I haven't got to fish it much yet, but my goal is to catch a cobia off of it this year!


----------



## Lateralus (Oct 9, 2007)

Hell yeah, I do it all the time on my BOTE Gator belly! It a feakin blast.


----------



## thecalmbeforethestorm (Nov 6, 2010)

now that looks like alot of fun


----------



## Mad Hooker (Jun 2, 2010)

I see people doing it right in my back yard.. little sabine


----------



## Capt.

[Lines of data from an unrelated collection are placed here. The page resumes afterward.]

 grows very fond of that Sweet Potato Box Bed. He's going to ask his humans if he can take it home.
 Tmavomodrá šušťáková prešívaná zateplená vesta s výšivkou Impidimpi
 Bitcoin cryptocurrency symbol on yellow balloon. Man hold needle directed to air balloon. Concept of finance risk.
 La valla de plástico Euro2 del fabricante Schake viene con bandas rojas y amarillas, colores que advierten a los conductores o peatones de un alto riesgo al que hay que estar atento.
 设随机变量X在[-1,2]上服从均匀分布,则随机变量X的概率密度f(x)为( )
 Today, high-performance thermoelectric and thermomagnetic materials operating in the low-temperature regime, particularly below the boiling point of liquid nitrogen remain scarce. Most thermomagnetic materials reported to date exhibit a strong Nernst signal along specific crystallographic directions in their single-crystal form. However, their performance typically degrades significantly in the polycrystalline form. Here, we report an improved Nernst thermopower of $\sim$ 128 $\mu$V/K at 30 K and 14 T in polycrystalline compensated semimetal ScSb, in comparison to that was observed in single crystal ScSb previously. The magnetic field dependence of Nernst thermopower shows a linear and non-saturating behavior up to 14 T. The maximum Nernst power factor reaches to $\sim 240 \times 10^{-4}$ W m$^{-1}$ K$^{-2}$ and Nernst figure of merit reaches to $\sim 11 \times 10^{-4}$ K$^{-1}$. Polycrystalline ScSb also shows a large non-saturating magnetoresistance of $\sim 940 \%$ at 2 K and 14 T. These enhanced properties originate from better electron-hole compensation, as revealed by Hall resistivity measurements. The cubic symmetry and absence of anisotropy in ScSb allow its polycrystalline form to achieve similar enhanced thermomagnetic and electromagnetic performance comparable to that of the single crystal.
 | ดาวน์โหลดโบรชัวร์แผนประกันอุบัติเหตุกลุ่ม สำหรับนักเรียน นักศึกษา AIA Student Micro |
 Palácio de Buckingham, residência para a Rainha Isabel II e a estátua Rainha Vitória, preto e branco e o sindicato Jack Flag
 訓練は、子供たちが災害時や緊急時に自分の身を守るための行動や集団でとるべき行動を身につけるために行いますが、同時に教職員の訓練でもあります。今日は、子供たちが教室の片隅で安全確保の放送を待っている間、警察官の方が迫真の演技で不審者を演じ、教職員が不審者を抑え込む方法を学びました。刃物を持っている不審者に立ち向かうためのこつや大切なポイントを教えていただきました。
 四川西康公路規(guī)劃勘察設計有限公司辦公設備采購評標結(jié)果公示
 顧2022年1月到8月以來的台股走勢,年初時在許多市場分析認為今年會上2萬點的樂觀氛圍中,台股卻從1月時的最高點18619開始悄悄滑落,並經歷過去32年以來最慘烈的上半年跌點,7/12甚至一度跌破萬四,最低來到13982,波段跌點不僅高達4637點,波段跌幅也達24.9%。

Redbeard (May 19, 2010)

Yea, but can you our would you try to catch a Cobia off one??


----------



## JOSHua (Oct 9, 2008)

so i went out and seen at least 30-35 cobia. i cast bucktails, spoons, and rapalas at them with no hit whatsoever. i seen one that was as big as an ironing board. i had never seen so many cobia in one day before.


----------



## TURTLE (May 22, 2008)

JOSHua said:


> anyone tried it? not quite kayaking but this forum is the closest to it.
> im gonna be headed out of the pass today around noon and try to find some ling as long as the wind doesnt get any crazier.


*I was wanting to get one as well and was gonna try and fish of it. Anyone know where I can get a good and cheap paddle board.*


----------



## gottafish (Oct 6, 2007)

JOSHua said:


> so i went out and seen at least 30-35 cobia. i cast bucktails, spoons, and rapalas at them with no hit whatsoever. i seen one that was as big as an ironing board. i had never seen so many cobia in one day before.


This is looking to be one of the best cobia seasons in years. What beach did you see them at?


----------